Angry, alienated sick-and-tired Green Day rail against religion, conformism, complacency, consumerism, media overload, all the usual tropes. Americans are little more than zombies. Did you know, for instance, that according to Green Day, "You're the victim of the system/ You are your own worst enemy"?
Maybe I'm cranky, maybe I've heard it all, but I'm not of a mind to be preached to and berated by Billie Joe Armstrong and his wing men.
If Green Day had filtered their message through some interesting characters or narratives, I might be more receptive, but, as far as
Breakdown is concerned, I'll take my bludgeoning from power chords instead of The Message.
And so I turn my attention to the music. When Green Day's
Dookie album blew up in 1994, a new genre was coined: pop-punk. Fifteen years on, no one does it better - not even close. The Northern Cali trio can really work wonders with a limited bag of simple chords, crafting them into ever-catchy progressions. They are also superior hook-smiths;
Breakdown contains nary a clunker melody.

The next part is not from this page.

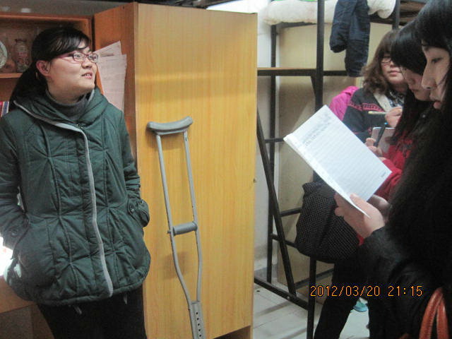 与此同时,我们还采访了刘煦同学的好朋友兼室友—宫程鑫同学。在宫程鑫的眼中,刘煦同学除了腿脚有点不便之外,在学习上和人生态度上都很值得她学习。宫程鑫说:“刘煦不论做什么都很有计划和条理,最让我佩服的就是她坚持不懈的品格。刘煦能获得这次评比的机会也是和她的努力息息相关的,更是她应得的”。

And to further add to the album's success, Green Day includes several songs that break from the pop-punk mold, or at least stretch it: the piano-driven "Last Night on Earth," a love song (even angry geezer punks take time out for love); "Restless Heart Syndrome," a wistful mid-tempo piece that dials back the guitar and finds Armstrong sliding into a vulnerable falsetto; a few songs - notably "21 Guns" and the closer "See the Lights" - that emphasize the pop over the punk, and take their own cues from '60's titans like The Who and The Beatles.
The title track, which follows a short intro song, is the grandest of all the statements, the theme- and tempo-setter. It forcefully flows through three sections: straight rock, followed by a jiggish, Celtic-inspired romp, capped by an epic, slowed-down coda. Triumphant.
So you might be thinking now: Does this dude like the album or not? Short answer is yes, I do. But here's the qualifier: Listening to any one, two, even three or four songs from
21st Century Breakdown is an absolute treat. But trying to swallow the whole thing tends to trigger my gag reflex.